ACTIVITY => Starting at the line that contains "Дати – 18-25" and ending at the final line of the entries below, write out each line exactly as it appears, but omit the pictures.

DATA TO EXAMINE =>
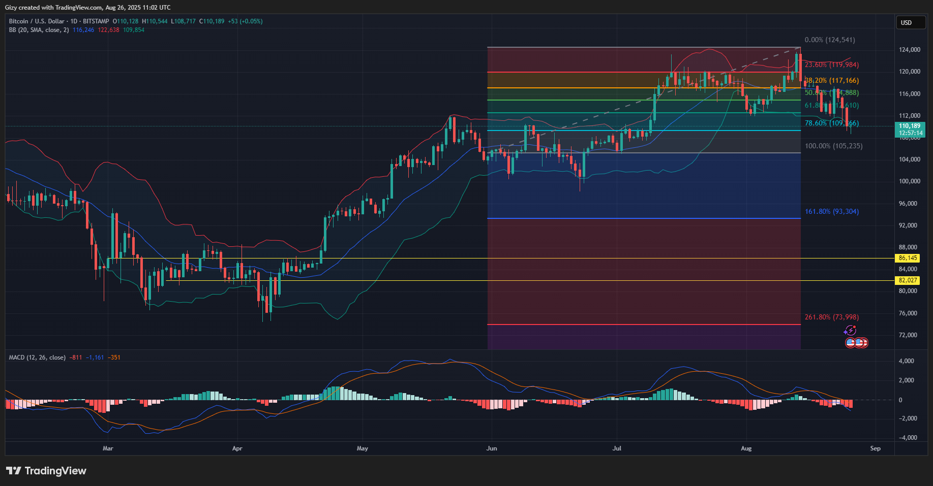 However, the bollinger bands show the apex coin trading at a critical level. BTC is trading at the lower band after breaking below it hours earlier. Additionally, the fibonacci retracement levels reveal that the coin is at the 78% mark. The level is not a tough support, indicating that the asset must hold it or risk further downtrend.
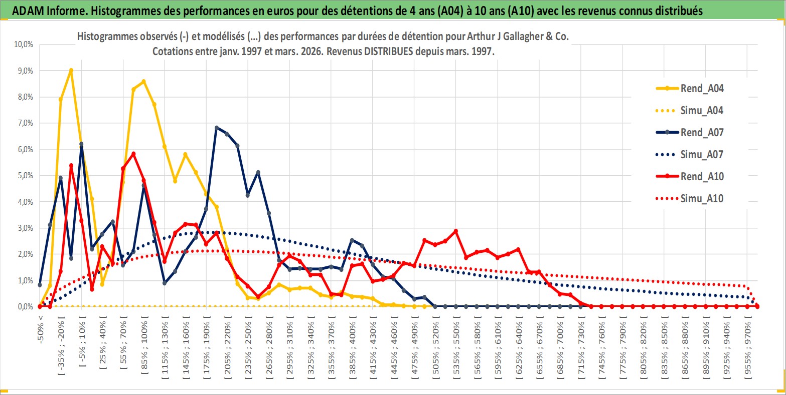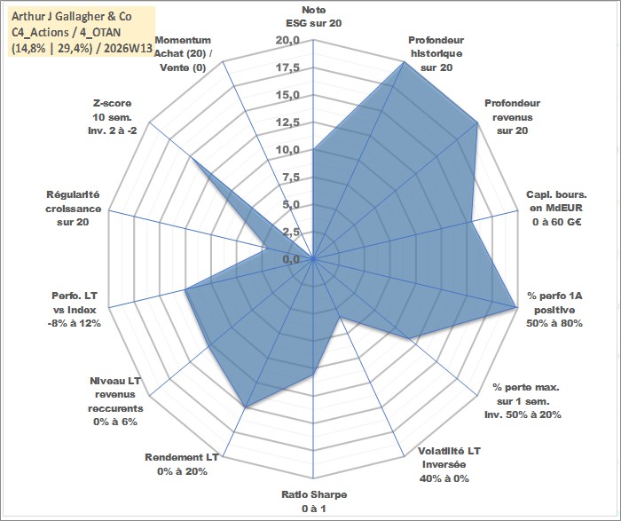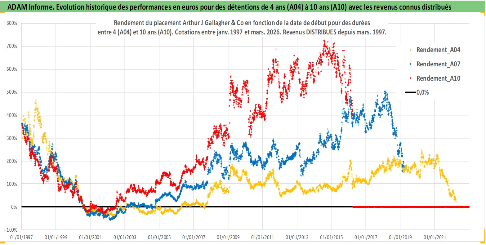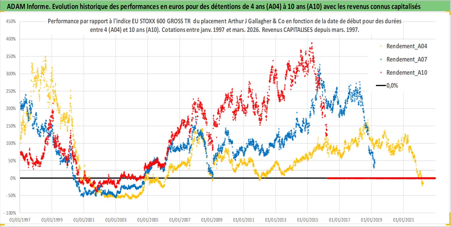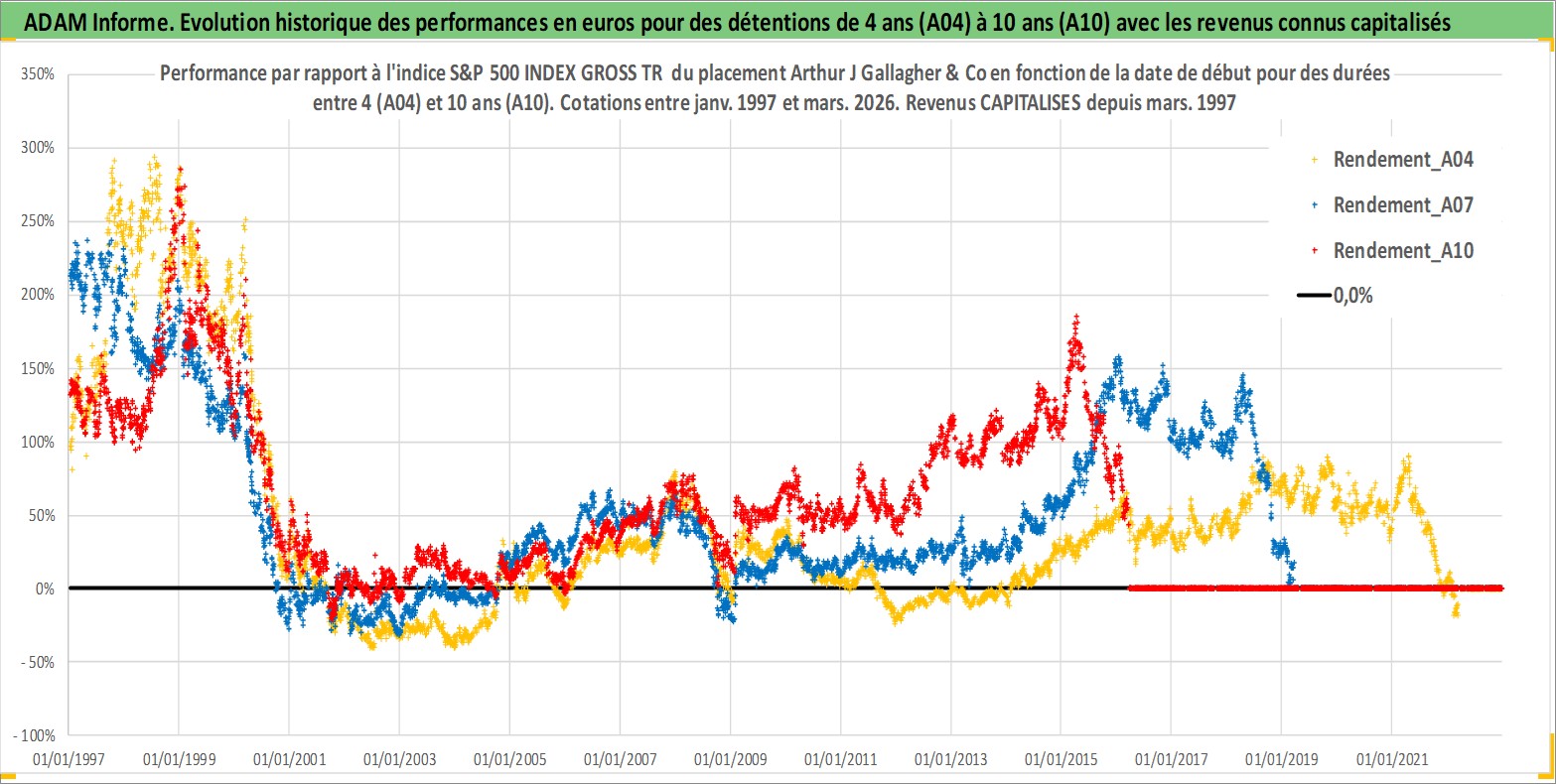 Site dédié aux investisseursPage dédiée sur site financeAnalyse des valorisations hebdomadaires de l'action Arthur J Gallagher & Co. Cet actif est cote en USD. Les valorisations sont en contrevaleur EURO et couvrent les semaines 1997W01 a 2026W13. Les revenus de cet actif financier sont pris en compte depuis la semaine 1997W13. La note globale ESG de cet actif est estimee a 10.0 (apres rebasage entre 0 et 20).
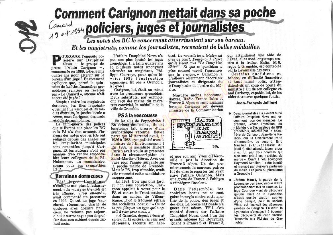 « . CARIGNON mettait dans sa poche policiers, juges et journalistes.Hermines dormeuses.( D12)
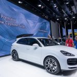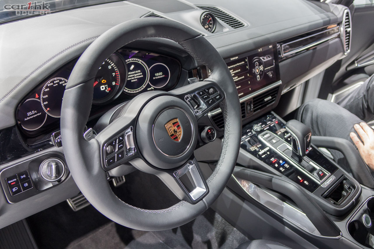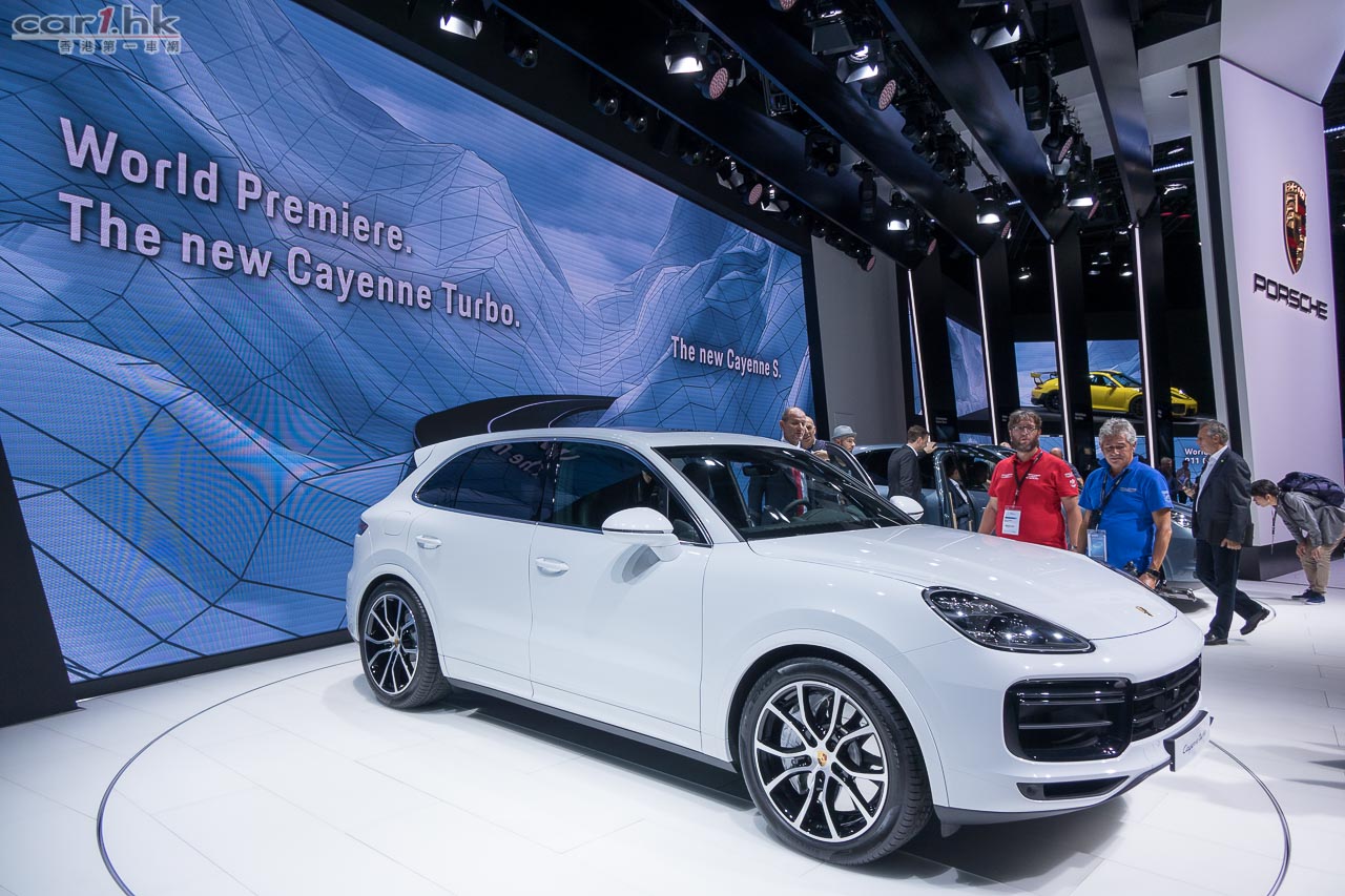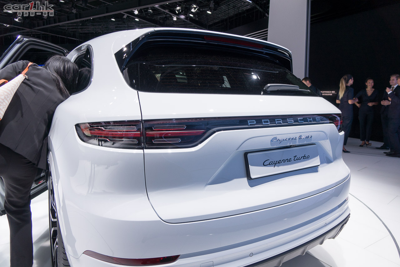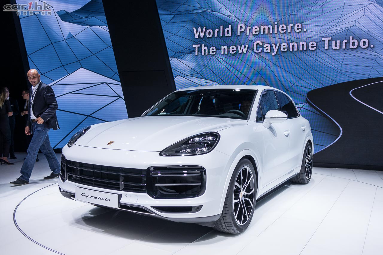 Porsche Cayenne 最強性能 Turbo 車型現身法蘭克福車展!外觀方面,頭泵把的氣壩造型經過重新設計,車尾頂部更有 SUV車款首見的電動尾翼,在高速行駛時增強下壓力,而且在緊急煞車時可利用空氣阻力加強煞車效能,據了解在時速 250km/h 時緊急煞車可以縮短 2 米煞車距離。身為旗艦版本,Cayenne Turbo 車廂配備了最頂級裝備,七吋液晶顯示儀錶版、新一代 PCM 的高清 12.3 吋觸控螢幕、高達 710 瓦的 Bose 音響及 18 項電動調整及電熱的前排座椅等等,彰顯頂及版的不凡身分。使用全新設計輕量化底盤,配備了最新「三氣室」氣壓懸掛能夠自動調整及模擬不同彈簧和有 6 種高度選擇,再配合主動減震系統及與 PASM 主動懸掛調整功能,能夠應付不同的駕駛環境。同時, Cayenne 大改款推出的後軸轉向系統成為標準配備,加上 PDCC 電子防傾系統及 PTV+ 扭力導引升級系統,令 Cayenne Turbo 的操控性更如虎添翼。動力系統方面採用 4.0 公升 V8 雙渦輪增壓引擎,可爆發 550 匹馬力及高達 770 牛頓米扭力,比上代進步了 30 匹及 20 牛頓米扭力,由靜止加速至 100km/h 只需 4.1 秒;如果選擇升級至跑車計時套件將會配備彈射起步模式,0-100km/h 可以再快 0.2 秒,極速更達 286km/h。
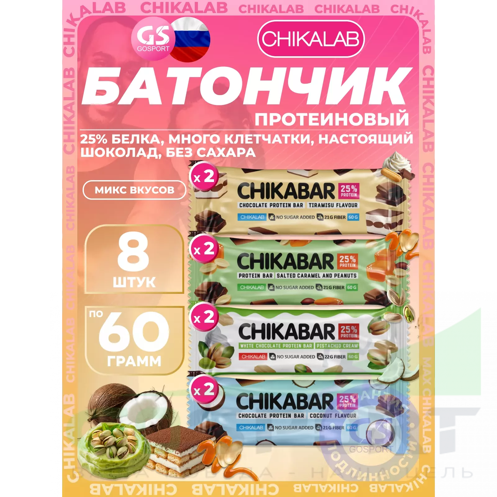 Chikalab Chikabar 8 x 60 г Ассорти, Микс 5 — Полезный перекус и поддержка мышц
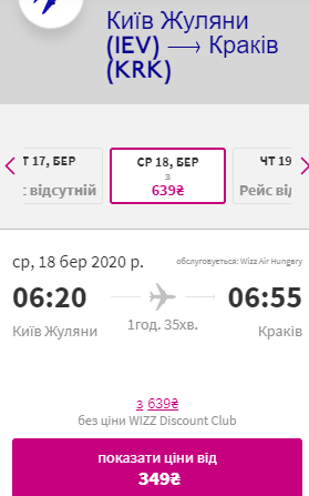 Дати – 18-25 березня. За квитки у дві сторони учасникам wizz-клубу доведеться сплатити €18, а всім іншим – €41.
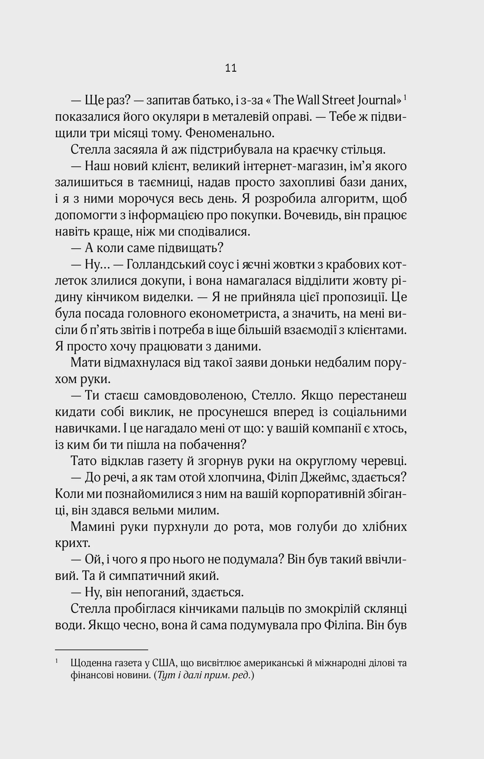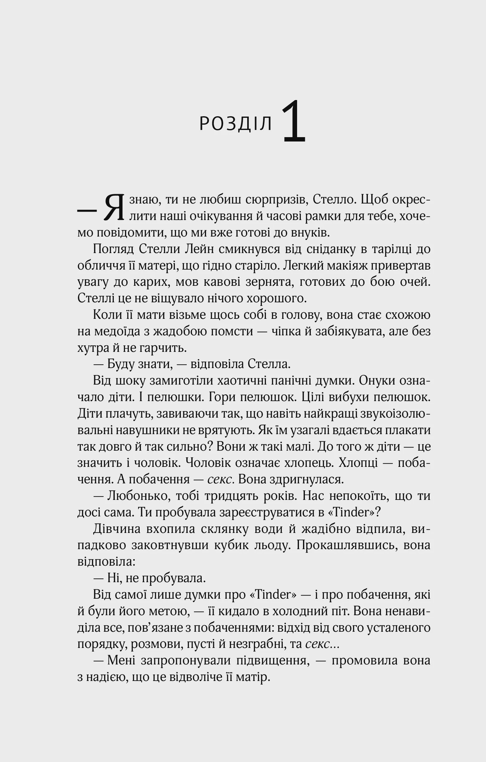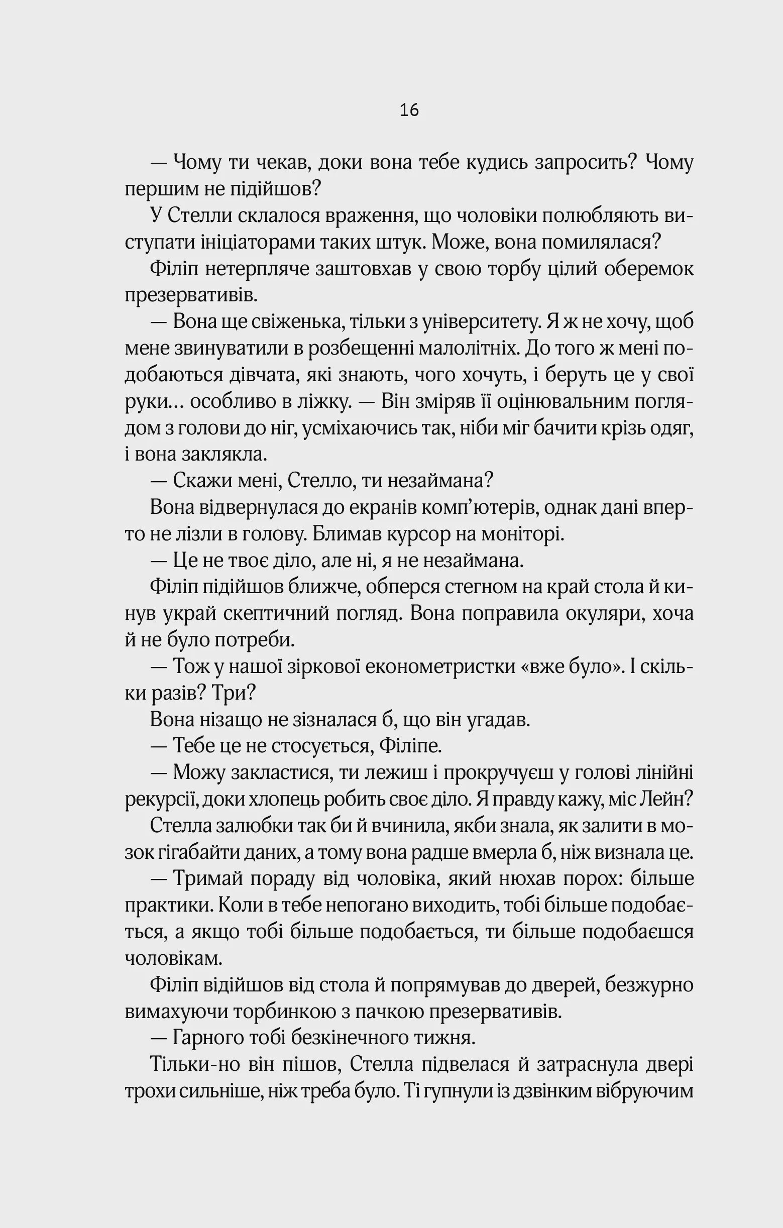 Стелла Лейн має все, до чого прагне сучасна жінка у тридцять років — вона незалежна, успішна, забезпечена і вродлива. От тільки особисті стосунки не склалися. На заваді стоїть не так розлад аутистичного спектра, як переконання, що головне в житті — це цариця наук Математика. І тільки вона об’єднує все живе. А кохання та сексуальність — це рівняння з усіма невідомими, яке вона геть не прагнула розв’язувати… Аж донедавна.
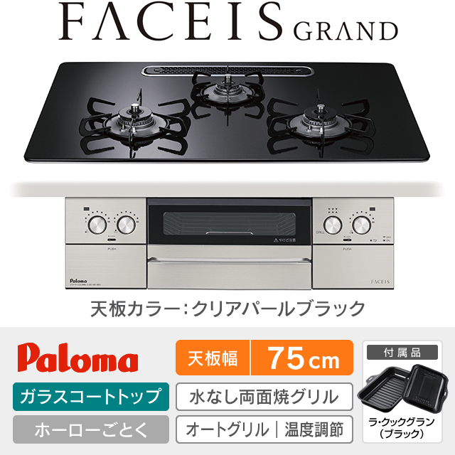 【工事費込み】パロマ ビルトインガスコンロ《フェイシスグランド/FACEISGRAND》[幅75cm]PD-893WS-U75CK
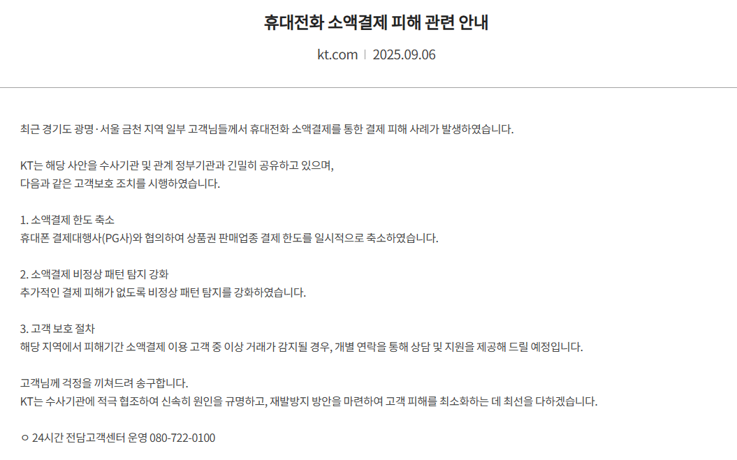 - KT 고객센터 신고: 114로 즉시 전화하여 피해 신고

REPLY TO THE EXERCISE =>
 Дати – 18-25 березня. За квитки у дві сторони учасникам wizz-клубу доведеться сплатити €18, а всім іншим – €41.
 Стелла Лейн має все, до чого прагне сучасна жінка у тридцять років — вона незалежна, успішна, забезпечена і вродлива. От тільки особисті стосунки не склалися. На заваді стоїть не так розлад аутистичного спектра, як переконання, що головне в житті — це цариця наук Математика. І тільки вона об’єднує все живе. А кохання та сексуальність — це рівняння з усіма невідомими, яке вона геть не прагнула розв’язувати… Аж донедавна.
 【工事費込み】パロマ ビルトインガスコンロ《フェイシスグランド/FACEISGRAND》[幅75cm]PD-893WS-U75CK
 - KT 고객센터 신고: 114로 즉시 전화하여 피해 신고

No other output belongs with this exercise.